(Teleborsa) - Il
tasso di occupazione negli Stati Uniti a ottobre ha continuato a salire, con i
payroll non agricoli in aumento di 161.000 unità.
Abbiamo poi visto una sostanziale revisione al rialzo dei numeri per il mese di agosto e quello di settembre. Il tasso di disoccupazione è sceso al 4,9%, ma a farla da padrone sui titoli delle notizie è stato l’
aumento dello 0,4% dei salari mensili, che ha portato l’incremento su base annuale al 2,8%.
Questo dato rappresenta il
ritmo più elevato da giugno 2009 ed è un chiaro segnale che il miglioramento del mercato del lavoro sta iniziando a spingere al rialzo i salari.

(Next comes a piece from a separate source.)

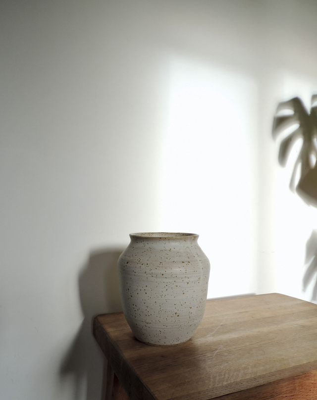 Finished in an Almond glaze on a speckled buff stoneware clay.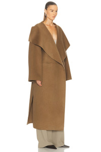 Draped wool and cashmere-blend felt coat Camel

Data la debolezza della produttività nell'economia, il costo unitario del lavoro aumenterà a un tasso in linea con il target di inflazione della Federal Reserve (2%).

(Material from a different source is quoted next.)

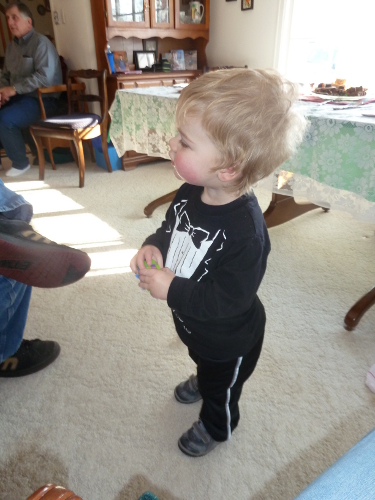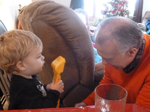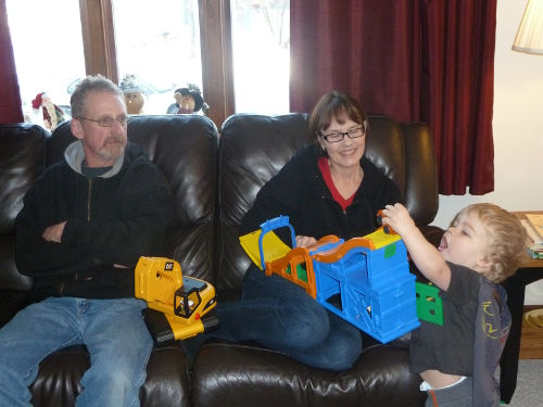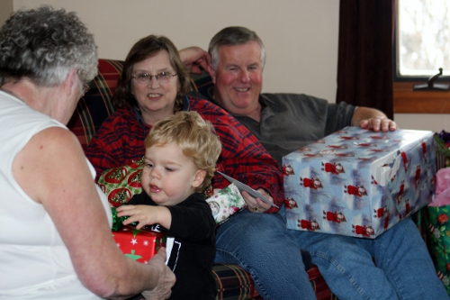 Christmas #3 was at Grandma Wynne and Grandpa Al's on Christmas Day. Mommy made everyone pancakes for breakfast, and Grandma Gail and Grandpa Kevin came over to eat and open presents.

Alla luce degli altri dati (
PIL,
indice PMI, vendite di automobili), che indicano una crescita stabile, e del fatto che molti membri della Fed sono già favorevoli a un aumento dei tassi, "è difficile trovare motivi per i quali la Banca centrale potrebbe evitare una stretta della politica monetaria il 14 dicembre".
Ovviamente, spiega
Keith Wade, Chief Economist & Strategist, Schroders, "c’è il tema delle
elezioni presidenziali".
Il gap tra i due candidati nei sondaggi è drammaticamente sceso e l’esito elettorale potrebbe far deragliare qualsiasi prospettiva di stretta monetaria. "Se Donald Trump dovesse vincere, senza dubbio assisteremmo a un picco di volatilità. Ma bisogna vedere cosa succederà martedì prossimo".